Clayton County Office of Economic Development
Biggest challenge in persuading companies to relocate to Clayton:
It’s (reassuring) them that as an Atlanta region we’re really tackling the long-term issues: transportation, water. Once they find out we have the water problem solved, it’s not a problem for us; that’s a big step. Big companies do their research, they see the T-SPLOST failed and they see we (ended) our bus system a few years back, and they want to know: “Is traffic going to get better? Are you addressing those long-term concerns?”
What change in Clayton in the past five years has had the most impact on your recruitment efforts:
The International Terminal opened the airport to I-75. It was essentially a new front door to the world’s busiest airport. That’s one of the reasons Porsche cited for coming (to the former Ford site on the Fulton/Clayton line).
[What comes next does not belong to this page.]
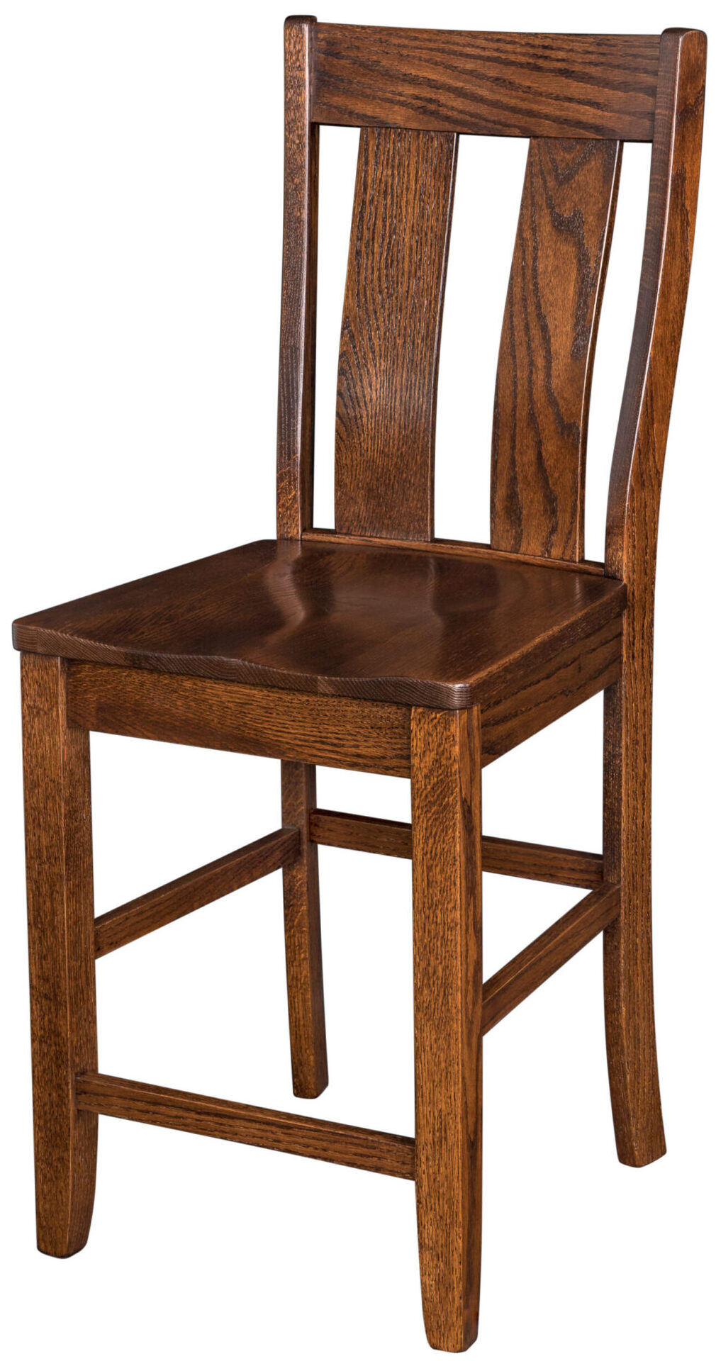 A simple, yet attractive, design plus fine Amish cabinetry catch the eye. This is the Garrison Bar Stool. What a lovely piece to grace your breakfast counter, island kitchen or in-home bar! The wide, curved slats provide great back support. While the saddle scoop seat enhances comfort. Want even more comfort? Request a padded seat finished in fabric or leather. Also, you can order your stools in your choice of stationary and/or swivel designs. Our Amish cabinetmakers build the bar stool. And they use top hardwoods like cherry. maple and oak (shown with Light Asbury Stain). No wonder the chair is so sturdy and heirloom-quality! Now, make it yours. Simply fill out the customizing fields below. Also, make sure you include your choices for wood species, finish and more. Or call 855-768-3270.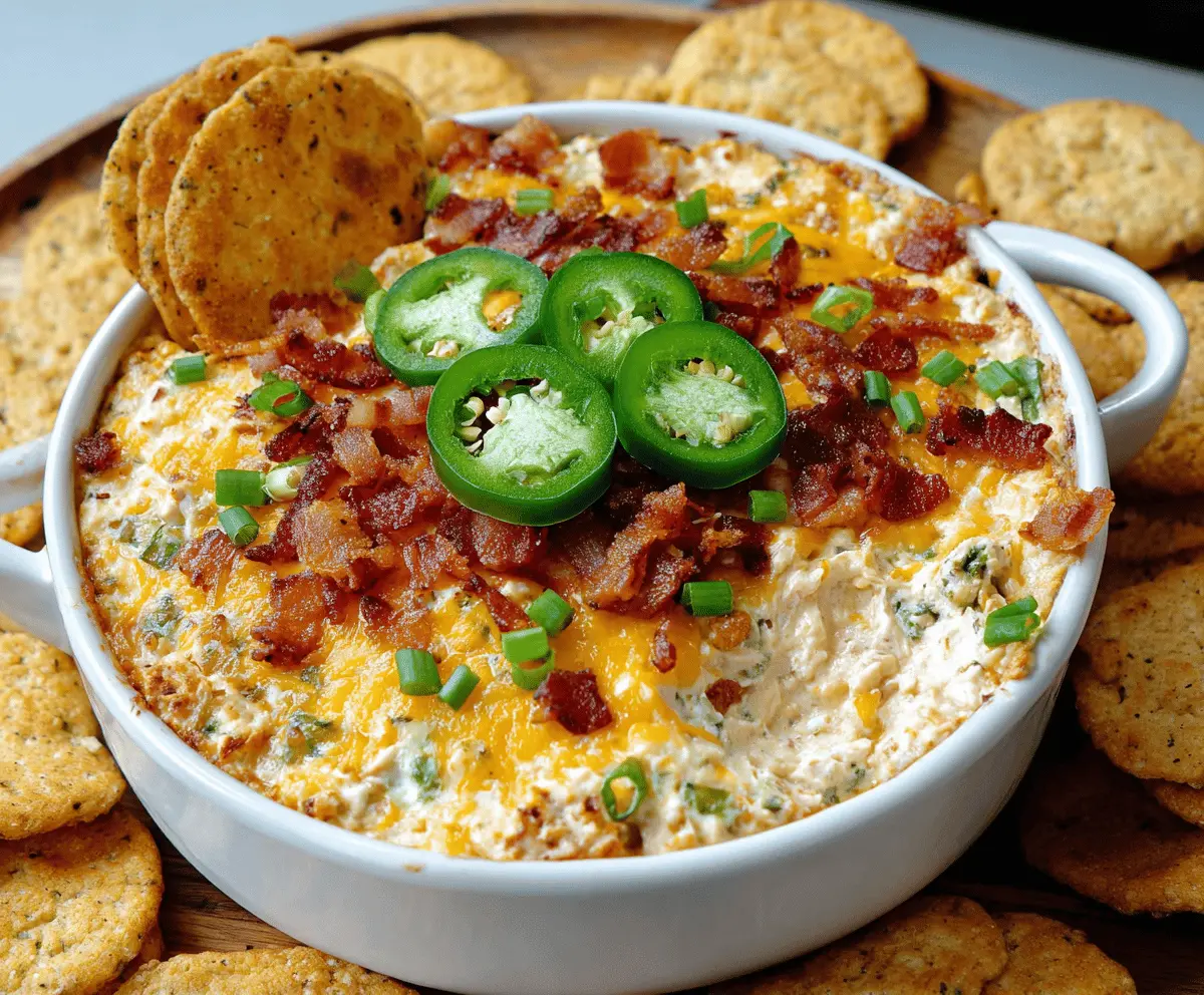 Serve your warm Jalapeño Popper Dip alongside tortilla chips or crackers. Get ready to dive in and enjoy every creamy, cheesy bite!

It’s our calling card.
Clayton’s biggest local rival:
Five years ago we would have answered that question as the ones around us, (but) I’ve never seen as much regional (cooperation) as I’ve seen now. I’ve had other counties call and say “This isn’t something that I can fit …” or the state say “This didn’t end up going here, we were wondering if it’s a fit for (Clayton).” Five years ago that never would have happened.
Cobb County Office of Economic Development
Biggest challenge in persuading companies to relocate to Cobb:
Because Cobb is what we call a “close-in suburban area,” we’re close to a build-out scenario. I think one of the challenges we have as a community is having enough land or space available to accommodate prospects.
Cobb’s biggest selling point is:
It’s a number of factors. For one, it is low taxes and a low cost of living. We have an educated labor force. We have about 44 percent of our residents with a bachelor’s degree. That, coupled with our post-secondary educational institutions, like Kennesaw State, Southern Polytechnic, Life (University), and then we have technical colleges like Chattahoochee Tech. I think also our great location in terms of access to the airport and air travel. I think being 25 minutes to Hartsfield-Jackson International is attractive to companies that do business all over the world.
Outlook for recruiting prospects:
I think we have seen a slight uptick in activity in terms of the number of inquiries we’re getting. When we were in the midst of the recession, people were doing a lot of kicking the tires but wouldn’t pull the trigger. At least now the inquiries are up, and hopefully that will bode well for projects on the ground.
President and CEO
Biggest challenge in persuading companies to relocate to the city of Atlanta:
The biggest challenges for Atlanta are probably our k-12 educational system and transportation.
Atlanta’s biggest selling point is:
Atlanta is a global city. It’s globally connected, it’s globally known. I find in my travels that people might not know where Georgia is on a U.S. map, but they know where Atlanta is. They know where Atlanta is because of the airport, because of Coca-Cola and because of the Olympics, Martin Luther King and the legacy of the civil rights movement. (Other selling points are) our proximity to the Port of Savannah and the airport. You can reach 80 percent of the U.S. population within a two-hour flight. Then switch over to quality of life and cost of living, speaking as someone who has lived in other parts of the country, these are extraordinarily attractive things and why we have people moving here from the Northeast.
Local political moves that have had the biggest impact on recruitment:
I think the mayor and City Council have set the necessary pre-conditions for growth. These are things like pension reform, increasing the police force, dealing with infrastructure issues, building the $1 billion international terminal at the airport, moving forward with things like the (Atlanta) Streetcar and Beltline. It’s fiscal stability and building the city’s reserves. If a company is going to say, “Look I’m going to pick up my business and move to Atlanta,” they want to know the local city that they’re moving to is stable — fiscally stable — and can take care of itself.